Starting at the line that contains "この日は、ICT支援員さんに", transcribe every remaining line of the data below exactly, and omit all pictures.

Listed entries below:

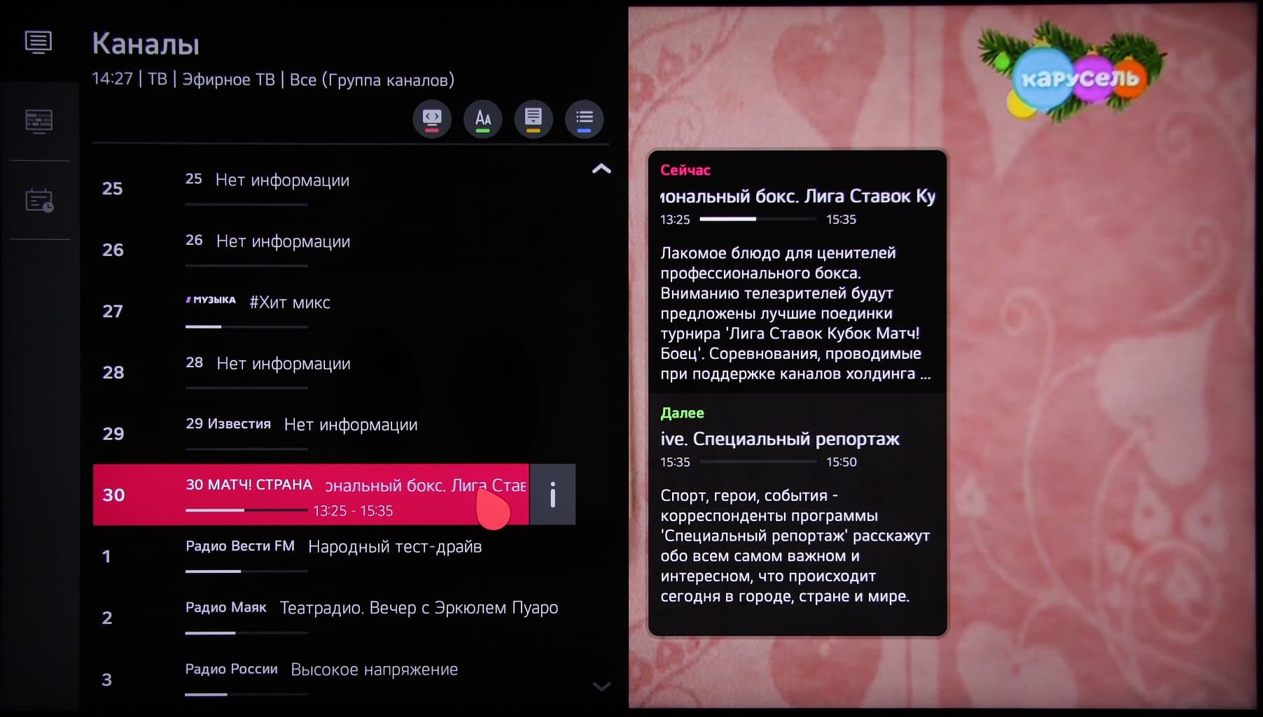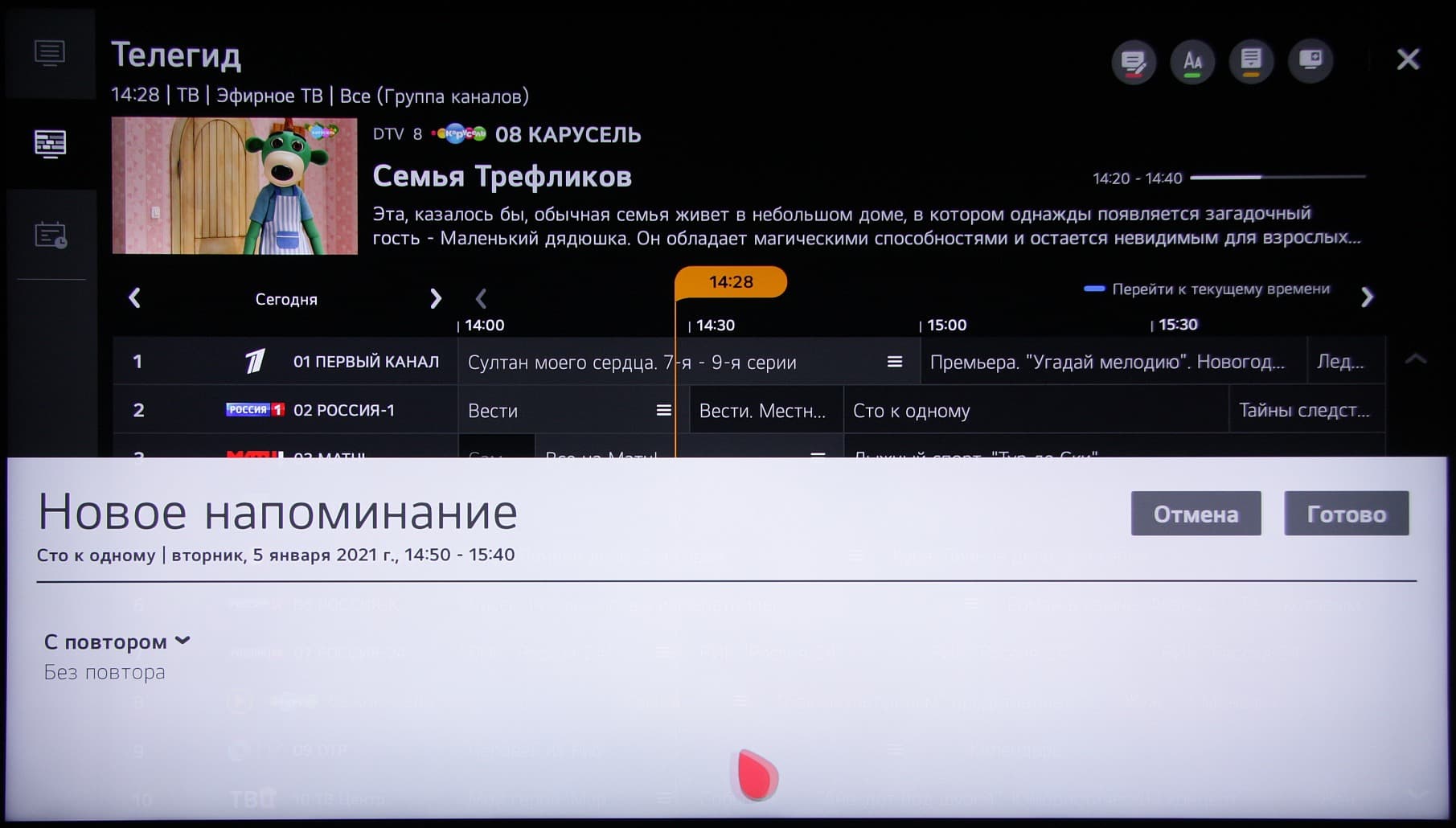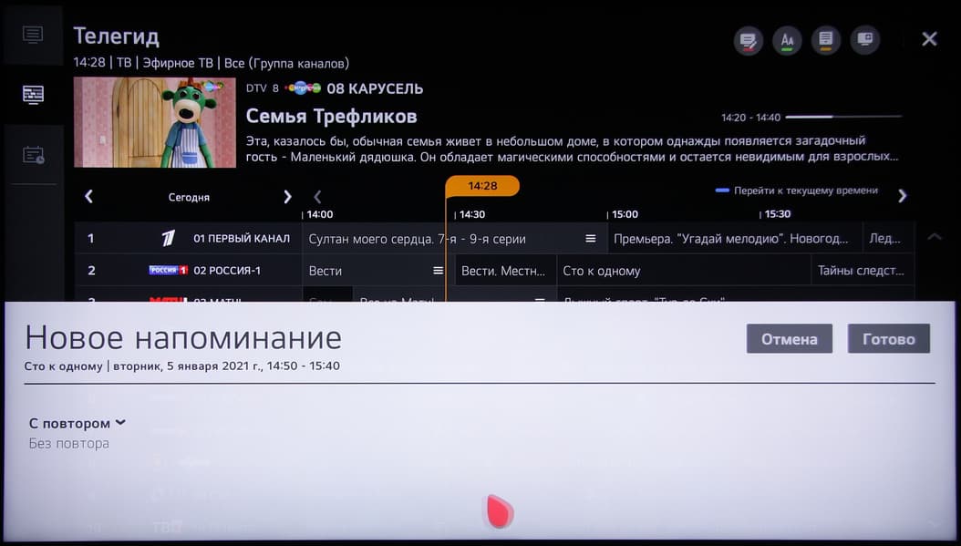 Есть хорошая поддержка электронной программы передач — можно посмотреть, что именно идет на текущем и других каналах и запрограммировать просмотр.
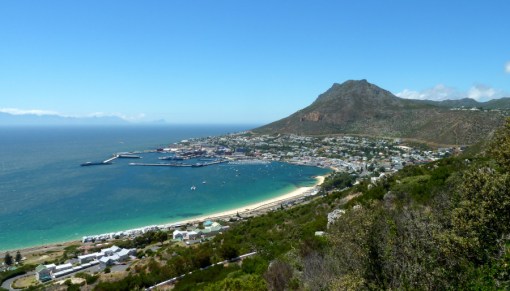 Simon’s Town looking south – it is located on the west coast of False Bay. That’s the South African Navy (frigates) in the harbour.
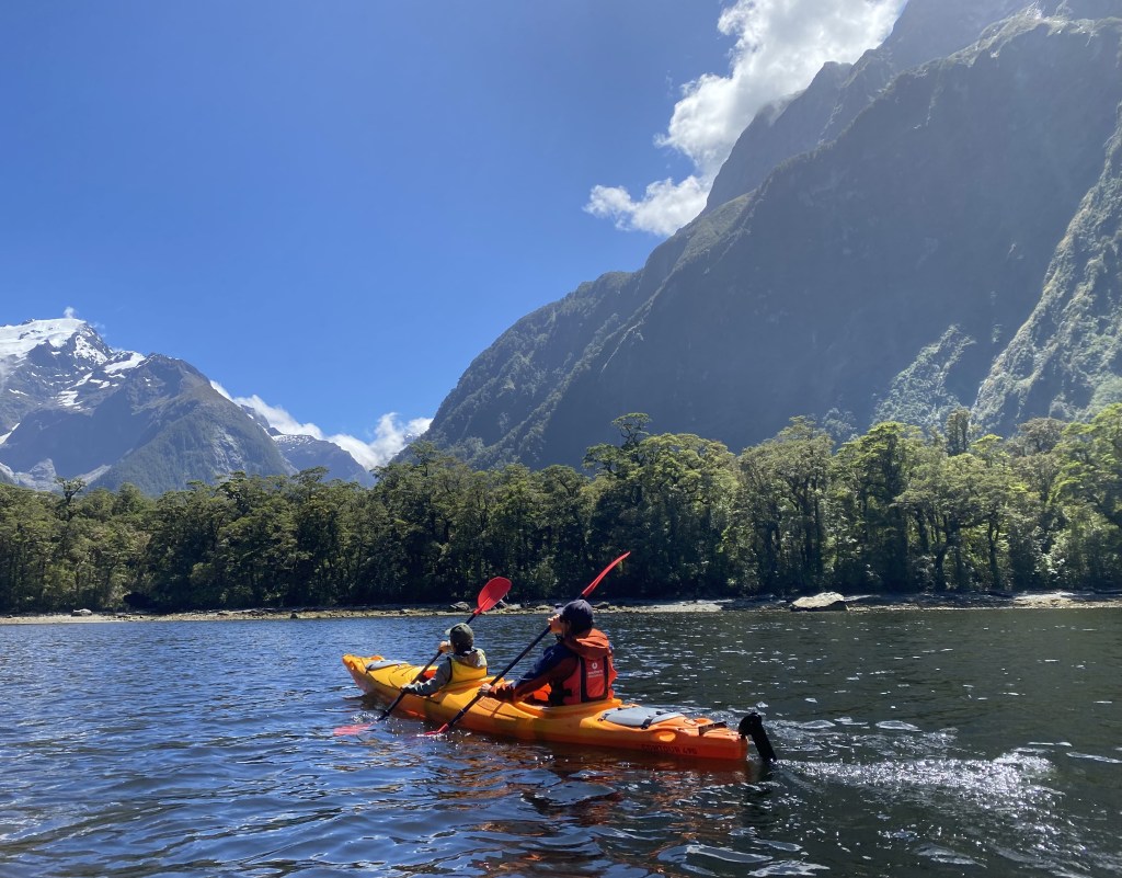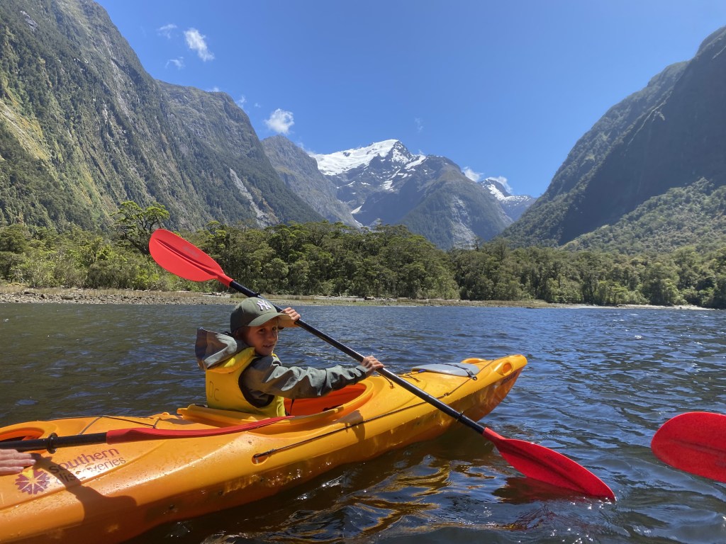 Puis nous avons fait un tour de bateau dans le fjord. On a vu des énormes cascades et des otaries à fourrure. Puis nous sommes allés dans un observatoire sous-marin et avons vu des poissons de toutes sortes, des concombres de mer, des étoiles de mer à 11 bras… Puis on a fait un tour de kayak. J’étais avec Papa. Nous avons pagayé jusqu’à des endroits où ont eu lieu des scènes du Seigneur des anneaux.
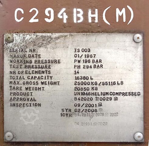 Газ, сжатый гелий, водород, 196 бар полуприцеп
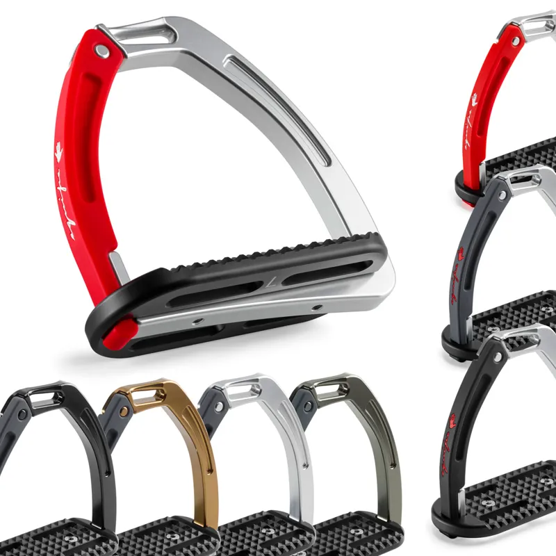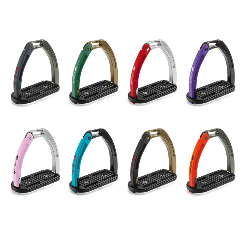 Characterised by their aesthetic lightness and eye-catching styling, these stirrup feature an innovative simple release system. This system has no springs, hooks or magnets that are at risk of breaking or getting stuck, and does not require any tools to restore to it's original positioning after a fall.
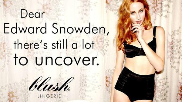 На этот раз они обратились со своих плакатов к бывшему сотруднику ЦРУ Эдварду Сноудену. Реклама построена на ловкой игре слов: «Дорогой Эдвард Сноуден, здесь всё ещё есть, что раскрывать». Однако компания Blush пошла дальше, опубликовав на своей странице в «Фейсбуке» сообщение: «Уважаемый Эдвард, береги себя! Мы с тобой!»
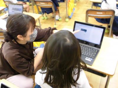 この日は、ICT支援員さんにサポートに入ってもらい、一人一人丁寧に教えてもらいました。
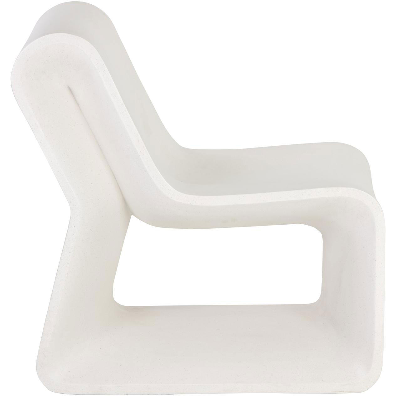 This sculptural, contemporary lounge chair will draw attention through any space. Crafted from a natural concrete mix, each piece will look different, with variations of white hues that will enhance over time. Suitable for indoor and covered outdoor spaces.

End of Listed entries.

● Finished exercise:
 この日は、ICT支援員さんにサポートに入ってもらい、一人一人丁寧に教えてもらいました。
 This sculptural, contemporary lounge chair will draw attention through any space. Crafted from a natural concrete mix, each piece will look different, with variations of white hues that will enhance over time. Suitable for indoor and covered outdoor spaces.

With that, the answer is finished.